Give the data again word for word; drop the pictures.
---------- SUPPLIED DATA
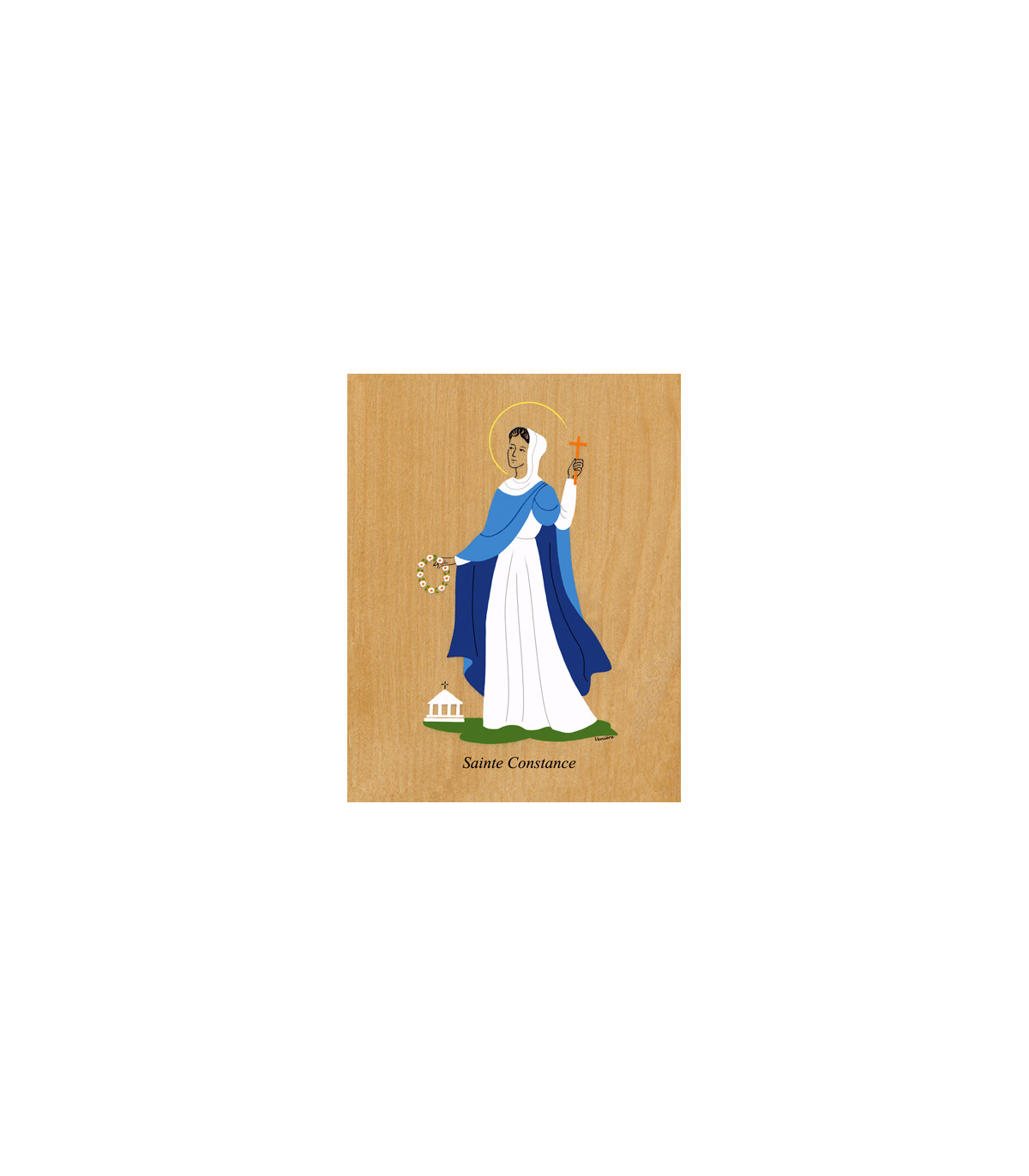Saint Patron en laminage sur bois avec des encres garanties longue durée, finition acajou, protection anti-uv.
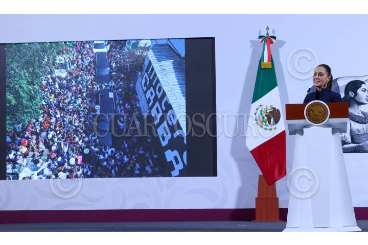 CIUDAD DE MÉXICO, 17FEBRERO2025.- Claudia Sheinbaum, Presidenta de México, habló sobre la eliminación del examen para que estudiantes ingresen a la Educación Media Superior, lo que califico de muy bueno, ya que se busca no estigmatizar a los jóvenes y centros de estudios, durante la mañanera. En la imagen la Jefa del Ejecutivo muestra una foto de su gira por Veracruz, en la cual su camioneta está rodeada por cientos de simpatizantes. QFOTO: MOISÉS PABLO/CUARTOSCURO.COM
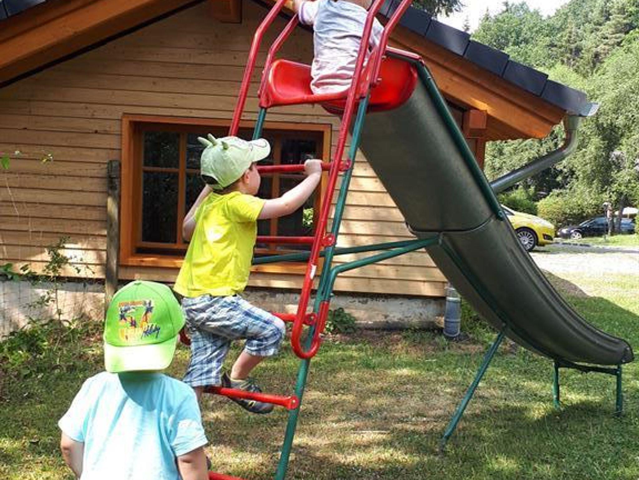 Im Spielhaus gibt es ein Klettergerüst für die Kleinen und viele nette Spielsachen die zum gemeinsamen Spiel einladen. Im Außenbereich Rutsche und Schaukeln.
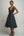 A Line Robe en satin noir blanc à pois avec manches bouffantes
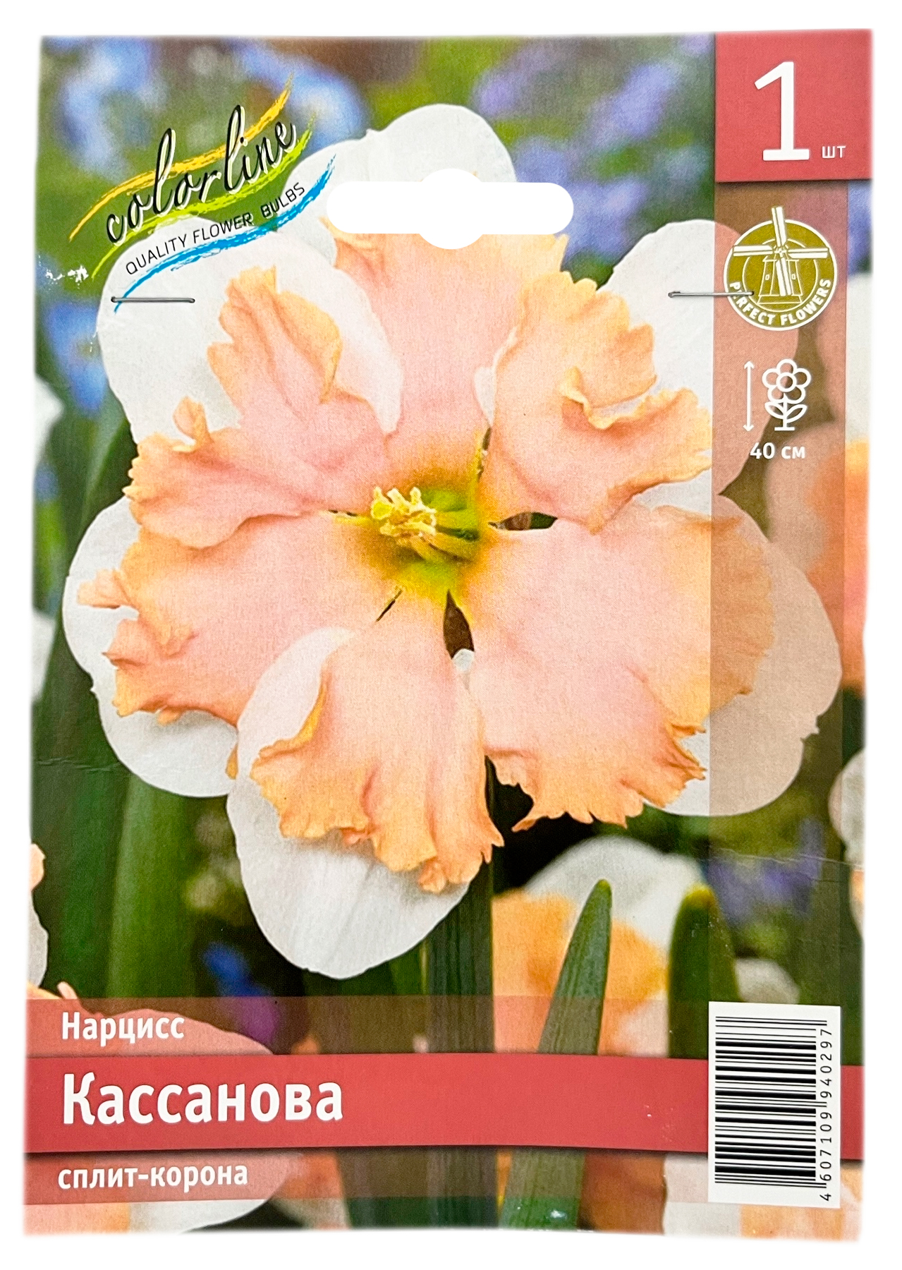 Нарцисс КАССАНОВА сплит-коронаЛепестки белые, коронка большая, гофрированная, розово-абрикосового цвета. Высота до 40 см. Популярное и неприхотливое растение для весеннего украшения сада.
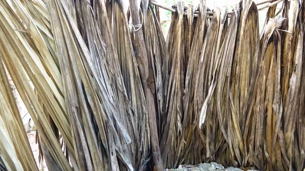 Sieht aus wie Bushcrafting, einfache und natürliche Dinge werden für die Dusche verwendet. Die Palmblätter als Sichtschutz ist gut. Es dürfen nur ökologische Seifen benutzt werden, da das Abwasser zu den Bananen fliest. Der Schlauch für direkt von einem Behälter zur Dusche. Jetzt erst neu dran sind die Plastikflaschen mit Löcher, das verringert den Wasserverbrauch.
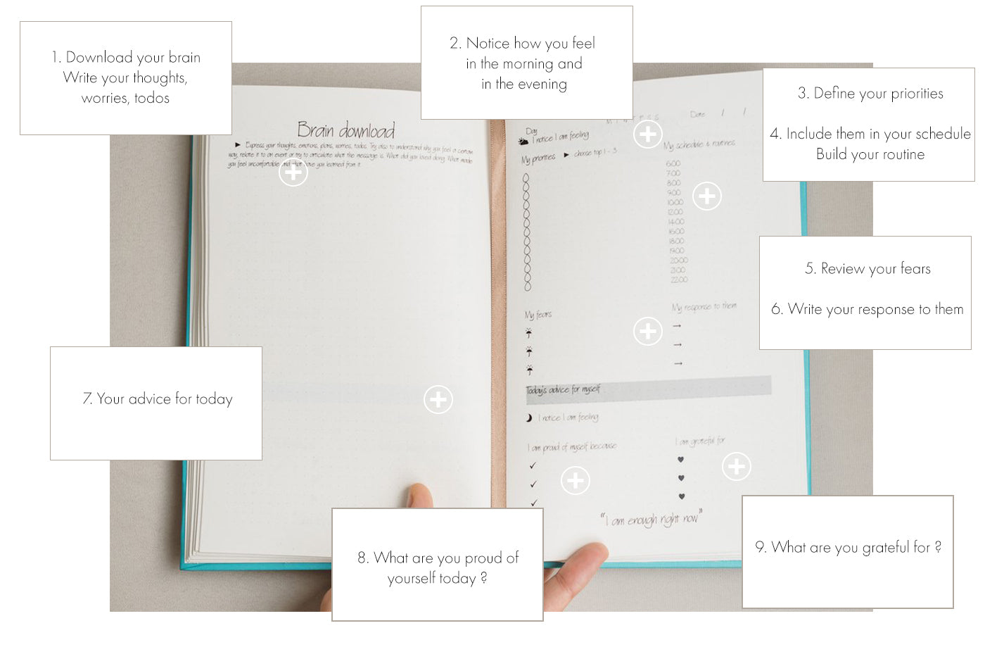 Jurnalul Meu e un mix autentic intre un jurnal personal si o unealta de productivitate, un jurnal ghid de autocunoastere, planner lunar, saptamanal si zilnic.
--------------------
_RESPONSE TO THE TASK_
Saint Patron en laminage sur bois avec des encres garanties longue durée, finition acajou, protection anti-uv.
 CIUDAD DE MÉXICO, 17FEBRERO2025.- Claudia Sheinbaum, Presidenta de México, habló sobre la eliminación del examen para que estudiantes ingresen a la Educación Media Superior, lo que califico de muy bueno, ya que se busca no estigmatizar a los jóvenes y centros de estudios, durante la mañanera. En la imagen la Jefa del Ejecutivo muestra una foto de su gira por Veracruz, en la cual su camioneta está rodeada por cientos de simpatizantes. QFOTO: MOISÉS PABLO/CUARTOSCURO.COM
 Im Spielhaus gibt es ein Klettergerüst für die Kleinen und viele nette Spielsachen die zum gemeinsamen Spiel einladen. Im Außenbereich Rutsche und Schaukeln.
 A Line Robe en satin noir blanc à pois avec manches bouffantes
 Нарцисс КАССАНОВА сплит-коронаЛепестки белые, коронка большая, гофрированная, розово-абрикосового цвета. Высота до 40 см. Популярное и неприхотливое растение для весеннего украшения сада.
 Sieht aus wie Bushcrafting, einfache und natürliche Dinge werden für die Dusche verwendet. Die Palmblätter als Sichtschutz ist gut. Es dürfen nur ökologische Seifen benutzt werden, da das Abwasser zu den Bananen fliest. Der Schlauch für direkt von einem Behälter zur Dusche. Jetzt erst neu dran sind die Plastikflaschen mit Löcher, das verringert den Wasserverbrauch.
 Jurnalul Meu e un mix autentic intre un jurnal personal si o unealta de productivitate, un jurnal ghid de autocunoastere, planner lunar, saptamanal si zilnic.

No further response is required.